Records from a data collection:
________________
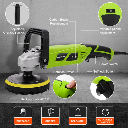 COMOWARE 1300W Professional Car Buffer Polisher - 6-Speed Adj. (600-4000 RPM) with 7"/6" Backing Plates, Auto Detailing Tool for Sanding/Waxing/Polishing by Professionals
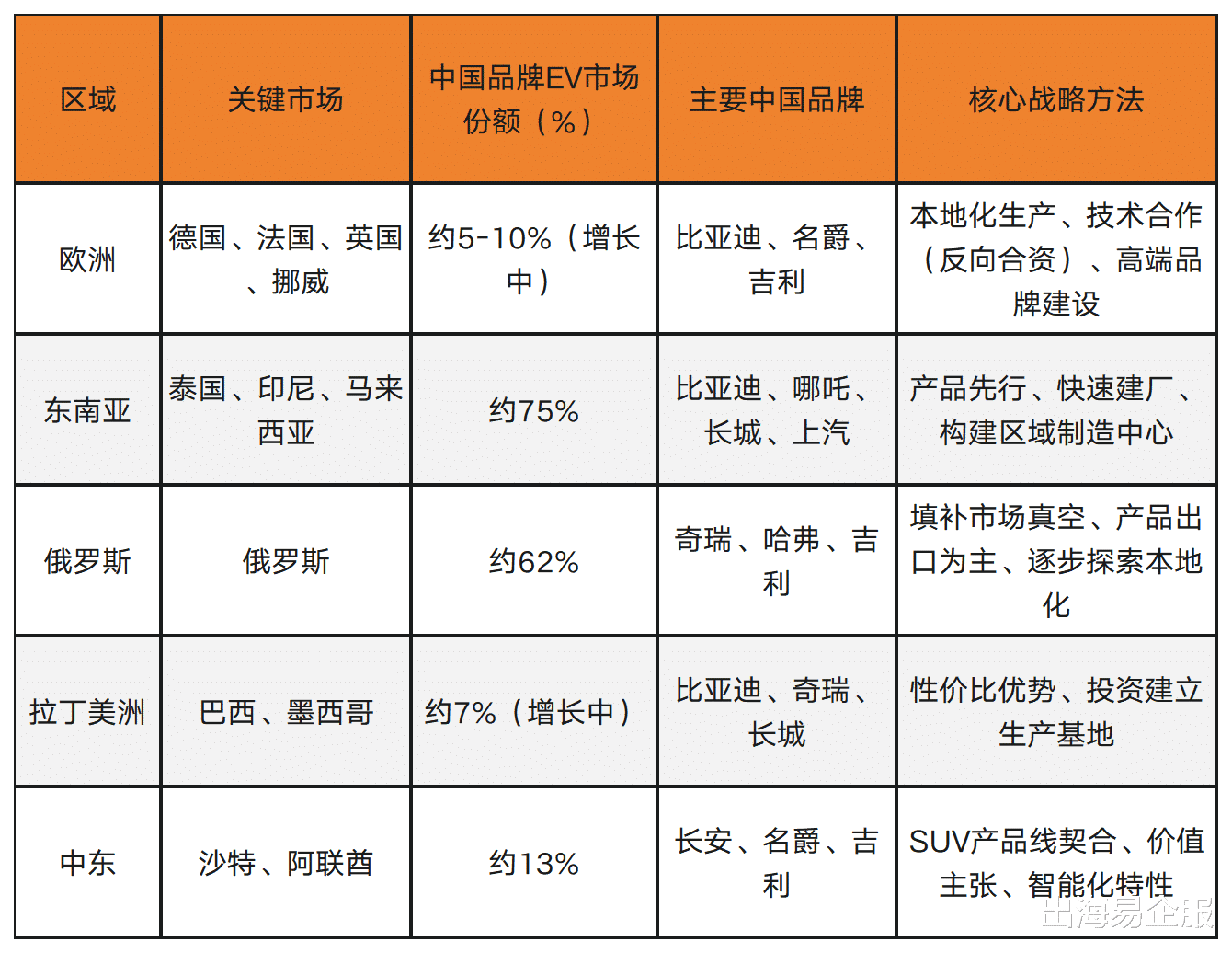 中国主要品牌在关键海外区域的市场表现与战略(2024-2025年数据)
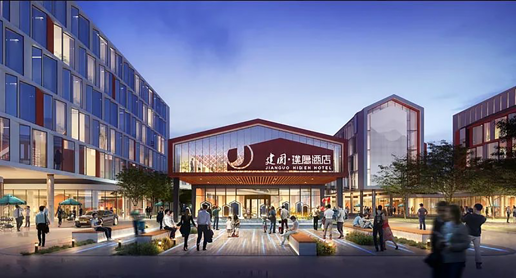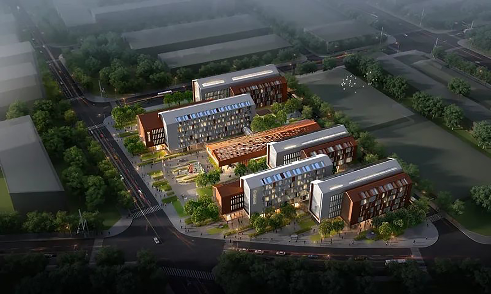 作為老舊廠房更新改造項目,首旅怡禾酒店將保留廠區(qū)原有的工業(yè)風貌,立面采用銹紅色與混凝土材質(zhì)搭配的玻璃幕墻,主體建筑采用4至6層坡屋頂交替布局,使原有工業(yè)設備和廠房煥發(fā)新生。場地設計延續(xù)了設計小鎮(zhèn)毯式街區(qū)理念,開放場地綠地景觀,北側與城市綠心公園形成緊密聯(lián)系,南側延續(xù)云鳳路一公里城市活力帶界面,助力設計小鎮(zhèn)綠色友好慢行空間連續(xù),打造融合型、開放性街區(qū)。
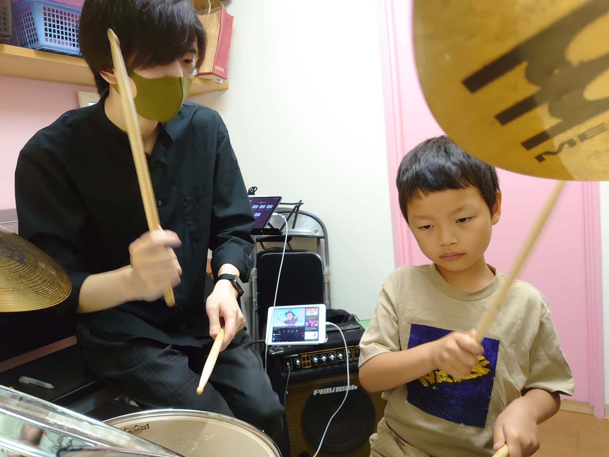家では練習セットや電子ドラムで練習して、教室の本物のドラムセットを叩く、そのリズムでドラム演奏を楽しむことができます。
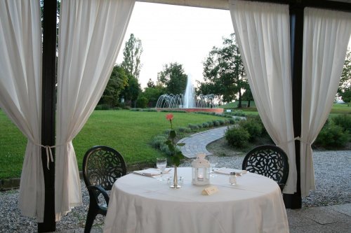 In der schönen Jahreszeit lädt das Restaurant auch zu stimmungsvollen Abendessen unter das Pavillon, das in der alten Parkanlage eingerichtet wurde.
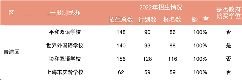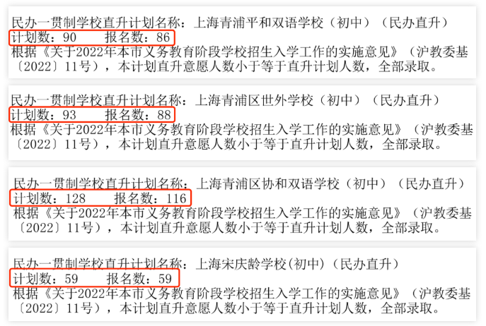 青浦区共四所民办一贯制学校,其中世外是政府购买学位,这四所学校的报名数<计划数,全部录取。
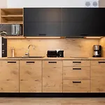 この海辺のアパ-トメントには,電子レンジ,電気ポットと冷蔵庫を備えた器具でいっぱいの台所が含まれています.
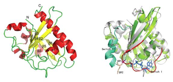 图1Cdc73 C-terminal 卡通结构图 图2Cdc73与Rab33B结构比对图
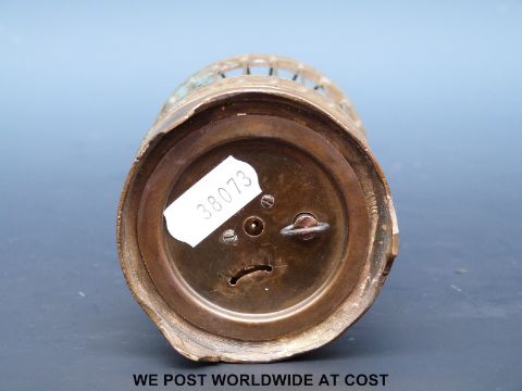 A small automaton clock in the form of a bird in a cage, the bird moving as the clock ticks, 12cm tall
________________
__Exercise__
The response must repeat all the lines above exactly and include no pictures.

__Task answer__
 COMOWARE 1300W Professional Car Buffer Polisher - 6-Speed Adj. (600-4000 RPM) with 7"/6" Backing Plates, Auto Detailing Tool for Sanding/Waxing/Polishing by Professionals
 中国主要品牌在关键海外区域的市场表现与战略(2024-2025年数据)
 作為老舊廠房更新改造項目,首旅怡禾酒店將保留廠區(qū)原有的工業(yè)風貌,立面采用銹紅色與混凝土材質(zhì)搭配的玻璃幕墻,主體建筑采用4至6層坡屋頂交替布局,使原有工業(yè)設備和廠房煥發(fā)新生。場地設計延續(xù)了設計小鎮(zhèn)毯式街區(qū)理念,開放場地綠地景觀,北側與城市綠心公園形成緊密聯(lián)系,南側延續(xù)云鳳路一公里城市活力帶界面,助力設計小鎮(zhèn)綠色友好慢行空間連續(xù),打造融合型、開放性街區(qū)。
家では練習セットや電子ドラムで練習して、教室の本物のドラムセットを叩く、そのリズムでドラム演奏を楽しむことができます。
 In der schönen Jahreszeit lädt das Restaurant auch zu stimmungsvollen Abendessen unter das Pavillon, das in der alten Parkanlage eingerichtet wurde.
 青浦区共四所民办一贯制学校,其中世外是政府购买学位,这四所学校的报名数<计划数,全部录取。
 この海辺のアパ-トメントには,電子レンジ,電気ポットと冷蔵庫を備えた器具でいっぱいの台所が含まれています.
 图1Cdc73 C-terminal 卡通结构图 图2Cdc73与Rab33B结构比对图
 A small automaton clock in the form of a bird in a cage, the bird moving as the clock ticks, 12cm tall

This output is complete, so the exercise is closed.